Today’s coronavirus news: Results of Public Health survey show overall satisfaction with response to the virus; President Donald Trump takes break from coronavirus task force

The latest coronavirus news from Canada and around the world Saturday. This file will be updated throughout the day. Web links to longer stories if available.

9:24 a.m.: Rural Jerauld County in South Dakota didn’t see a single case of the coronavirus for more than two months stretching from June to August. But over the last two weeks, its rate of new cases per person soared to one of the highest in the nation.

“All of a sudden it hit, and as it does, it just exploded,” said Dr. Tom Dean, one of just three doctors who work in the county.

As the brunt of the virus has blown into the Upper Midwest and northern Plains, the severity of outbreaks in rural communities has come into focus. Doctors and health officials in small towns worry that infections may overwhelm communities with limited medical resources.

And many say they are still running up against attitudes on wearing masks that have hardened along political lines and a false notion that rural areas are immune to widespread infections.

8:28 a.m.: The Vatican says someone who lives in the same Vatican hotel as Pope Francis has tested positive for coronavirus, adding to the 11 cases of COVID-19 among the Swiss Guards who protect him.

The Vatican said Saturday that the resident of the Domus Sanctae Marthae has moved out temporarily and is in isolation, as are all the people who came into direct contact with him.

8:23 a.m.: Public Health Sudbury & Districts released the results of a community survey on the health unit’s response to the first wave of COVID-19 in October.

The results of the evaluation were included in the agenda of the board of health’s monthly meeting held on Oct. 15 via Skype.

In total, 788 surveys were completed by community members in PHSD’s service area – about 92 per cent of respondents resided in Greater Sudbury, while 7.7 per cent of respondents lived in the Sudbury and Manitoulin districts.

In terms of overall satisfaction, almost three-quarters of respondents indicated that they were satisfied with Public Health’s response to the first wave, with 41.6 per cent indicating that they were very satisfied, and 31.2 per cent indicating that they were somewhat satisfied.

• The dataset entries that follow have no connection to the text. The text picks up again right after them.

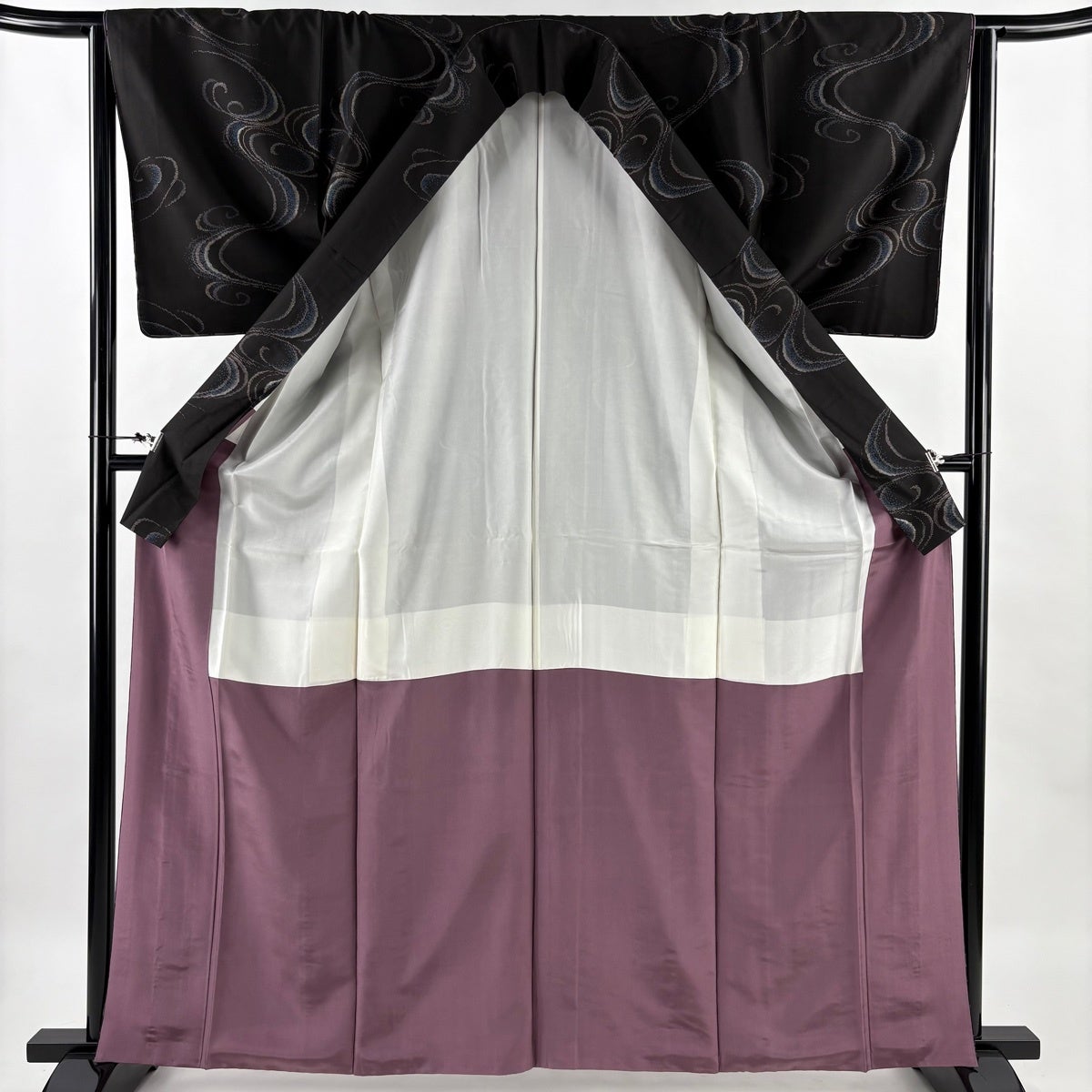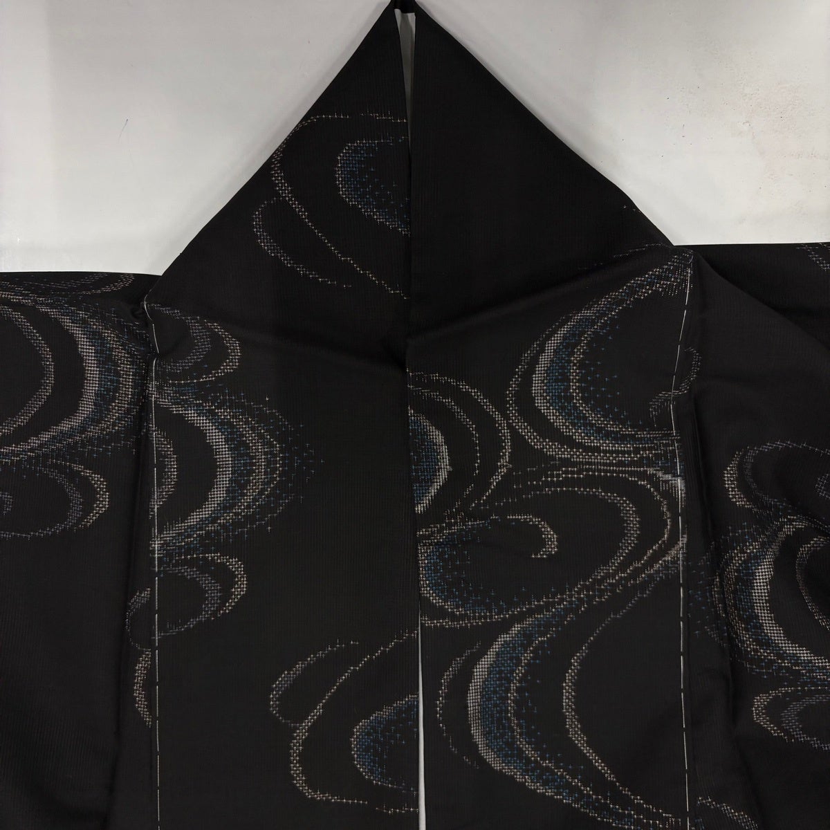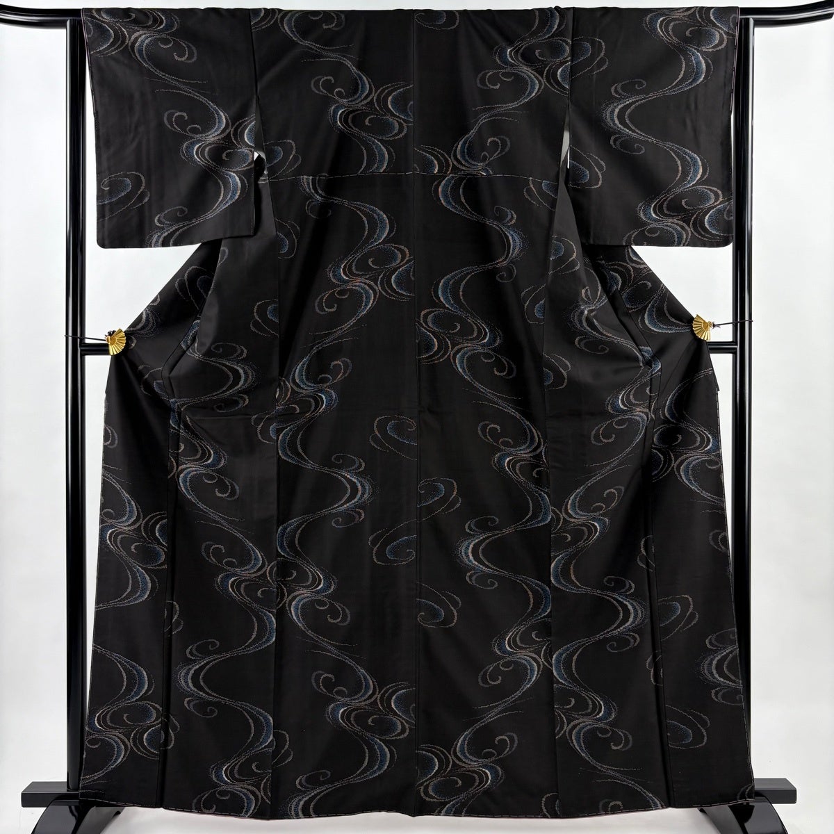 紬 身丈163.5cm 裄丈64.5cm M 袷 流水 墨色 正絹 秀品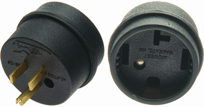 Plugs into 20 amp duplex receptacles, then will accept 50 amp plug.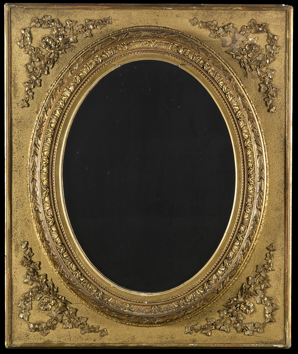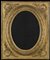 Specchiera ovale in legno intagliato e dorato, la parte centrale a rilievo con foglie d'acanto e perlinatura. Sec. XIX (cm 57x48) (difetti)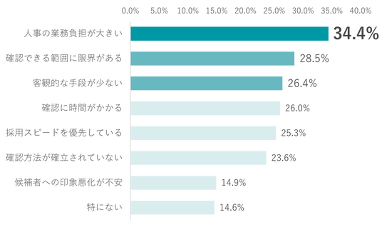 採用判断の裏付け不足、最多理由は「人事の業務負担が大きい(34.4%)」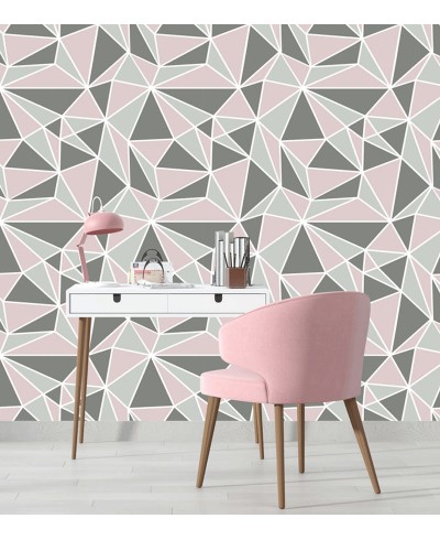 Papel de parede Diamond Triângulos Colors Rose e Cinza, ideal para deixar seu ambiente muito mais sofisticado.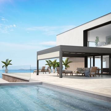 The Markant from Markilux is new concept in outdoor rooms. The very strong structure is modular in design, and can cover areas up to 6m x 6m in a single unit. The patented roof shade is electrically operated, and hides away when not is use. Uniquely, the roof is flat when across and the special combinations of hidden drainage let yours this even in light to moderate rain.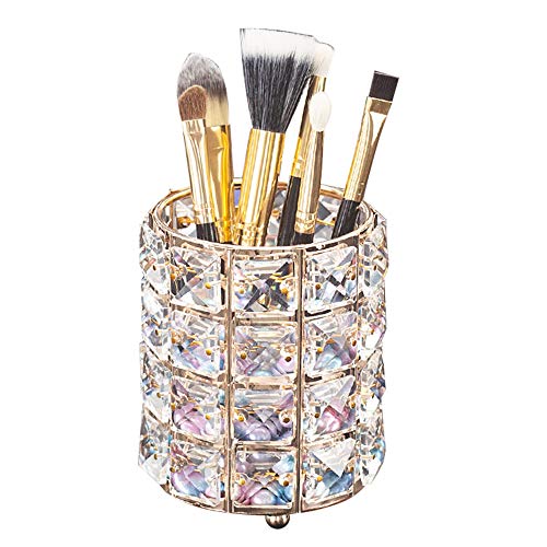 Wankd - Porta pennelli da trucco, per cosmetici e pennelli da trucco, con perline di cristallo, portapenne, portamatite, portamatite, matite, tazze, contenitore argento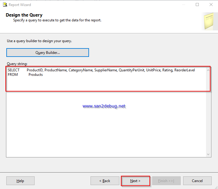 The Design Query Window will look as shown in the screenshot given below. Now, click Next button.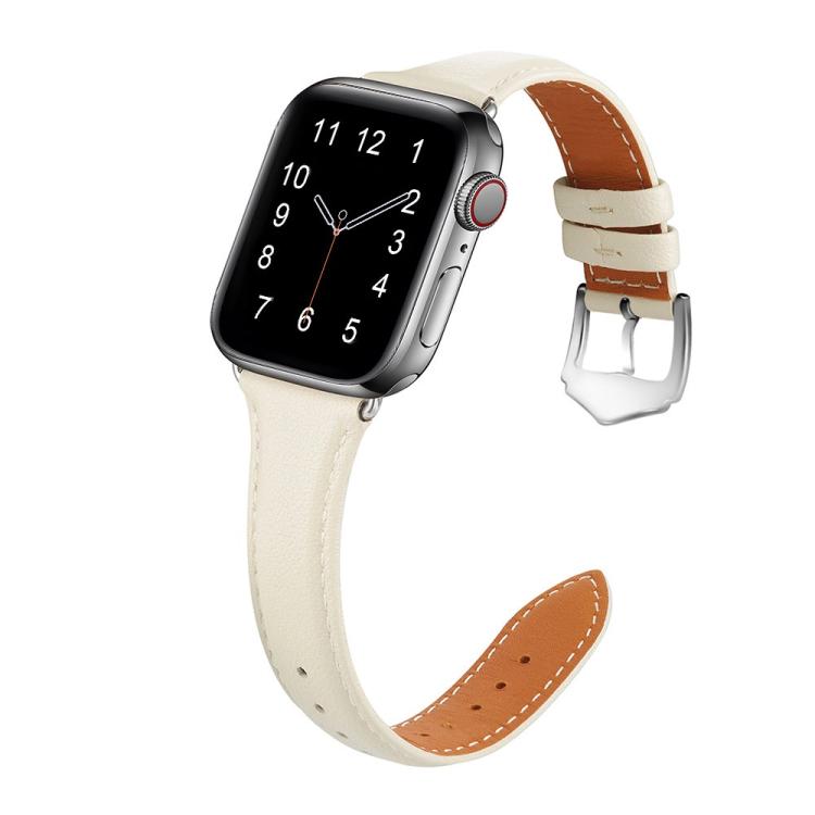 Correa de cuero genuino con hebilla pequeña para Apple Watch de 46 mm, 49 mm, 45 mm y 44 mm (blanco marfil)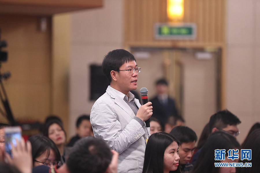 3月12日,十三届全国人大一次会议新闻中心在梅地亚中心多功能厅举行记者会,邀请十二届全国人大内司委副主任委员王胜明、财经委副主任委员乌日图、教科文卫委副主任委员吴恒、环资委委员吕彩霞,全国人大常委会法工委副主任王超英、副主任许安标就“人大立法工作”相关问题回答中外记者提问。图为瞭望周刊记者提问。新华网/中国政府网 翟子赫 摄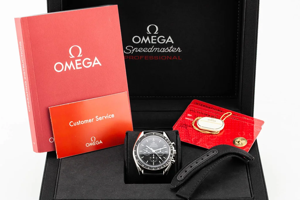 ·Up for sale is an excellent condition Omega Speedmaster Moonwatch Professional Sapphire on Strap, reference # 310.32.42.50.01.002 It comes complete with all boxes, papers, booklets, hang tag, extra OEM nylon strap, and Omega Warranty Card dated January 2023.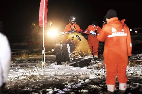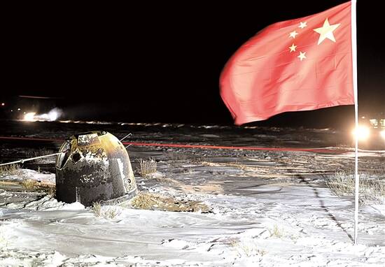17日凌晨,嫦娥五号采用半弹道跳跃方式再入返回,在内蒙古四子王旗预定区域安全着陆 新华社发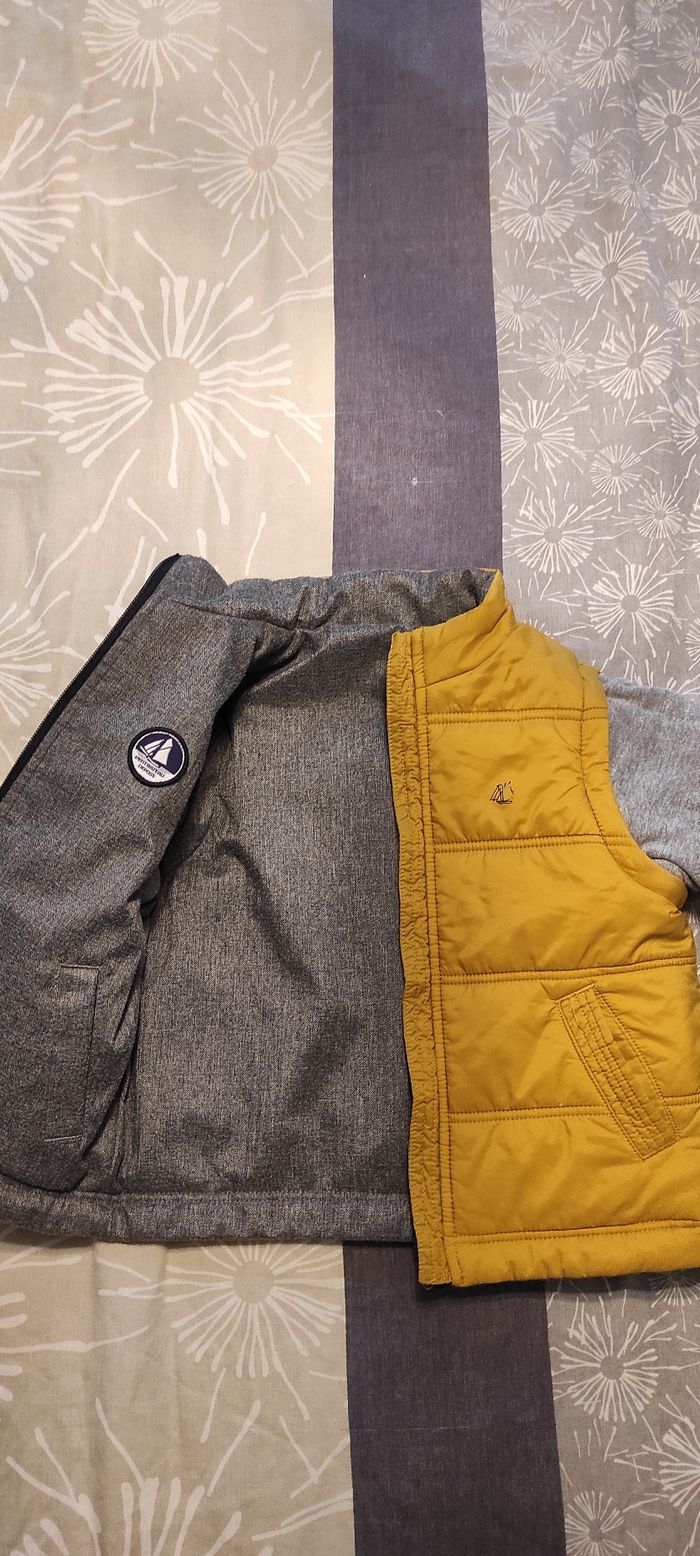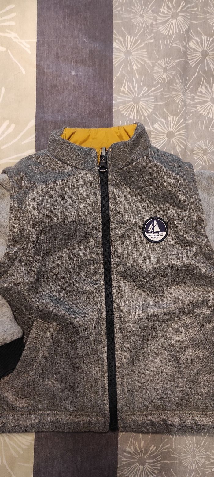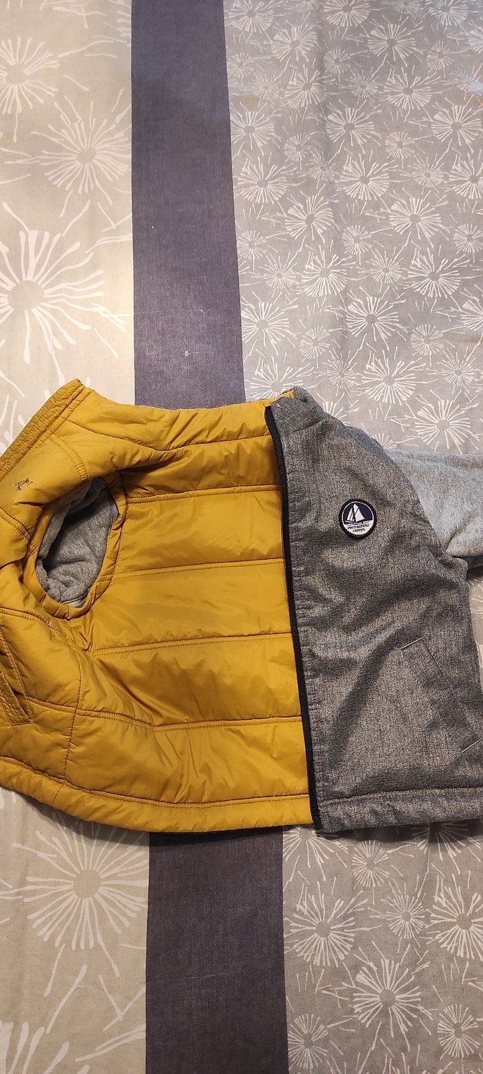 Veste réversible Petit Bateau Un côté jaune : doudoune (sauf les manches) Un côté gris : veste effet matelassé Fermeture éclair Poches avant (des deux côtés) Très bon état (un peu plus porté côté doudoune ) et parfait état côté gris chiné Pensez aux lots : réductions activées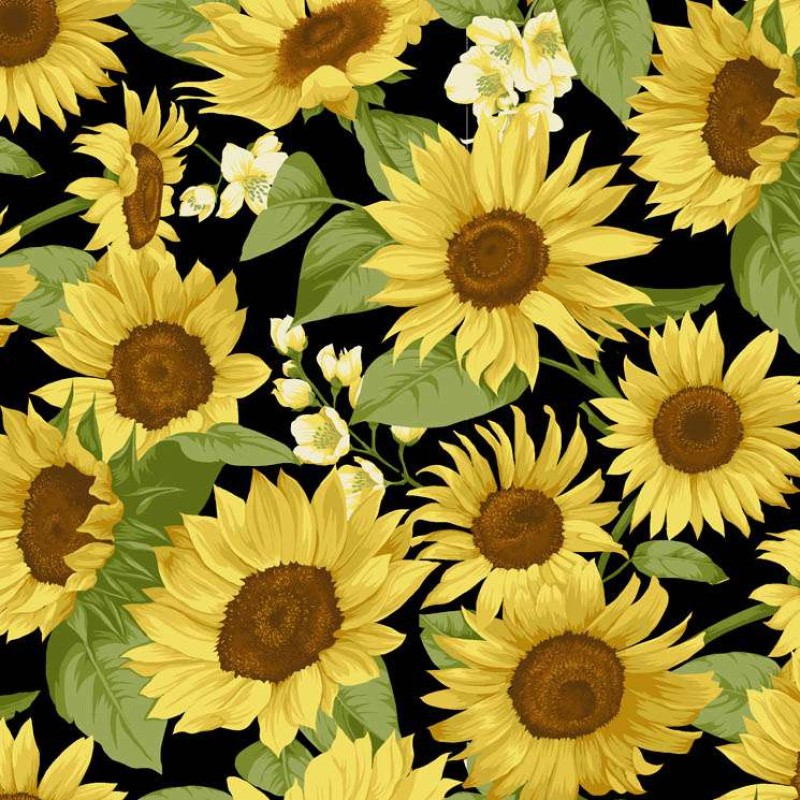 Tricoline Fernando Maluhy - Girassol Fundo Preto - 100% Algodão - C01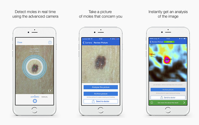 SkinVisio 內建強大的資料庫與演算,當使用者自拍完後即可偵測出目前膚質狀況,不過自拍方式有點不同,不是對著你的臉來自拍,而是對著身上任何有痣的地方進行拍照。App 會依據痣細微的黑色沉澱物,以及周圍膚質進行演算,進而判定是否有機會產生病變的可能性,其精準度可達 83%。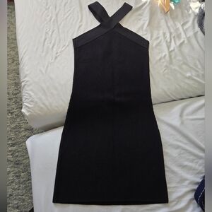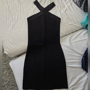 like new, no flaws. black ribbed bandage dress with criss-cross neck. babaton by aritzia, size medium

“The results indicate that the agency’s response and supporting processes and structures during the first wave of the pandemic were adequate, appropriate, and effective,” said the report published by Public Health.

8:21 a.m.: There are 194,109 confirmed cases in Canada.

Quebec: 91,018 confirmed (including 6,018 deaths, 76,512 resolved)

Ontario: 62,908 confirmed (including 3,031 deaths, 54,004 resolved)

Alberta: 21,775 confirmed (including 288 deaths, 18,651 resolved)

British Columbia: 11,189 confirmed (including 251 deaths, 9,387 resolved)

Manitoba: 3,173 confirmed (including 38 deaths, 1,533 resolved)

Saskatchewan: 2,270 confirmed (including 25 deaths, 1,946 resolved)

Nova Scotia: 1,093 confirmed (including 65 deaths, 1,024 resolved)

New Brunswick: 297 confirmed (including 2 deaths, 203 resolved)

Newfoundland and Labrador: 287 confirmed (including 4 deaths, 271 resolved)

Prince Edward Island: 63 confirmed (including 60 resolved)

Yukon: 15 confirmed (including 15 resolved)

Repatriated Canadians: 13 confirmed (including 13 resolved)

Northwest Territories: 5 confirmed (including 5 resolved), 3 presumptive

Nunavut: No confirmed cases

Total: 194,109 (3 presumptive, 194,106 confirmed including 9,722 deaths, 163,624 resolved)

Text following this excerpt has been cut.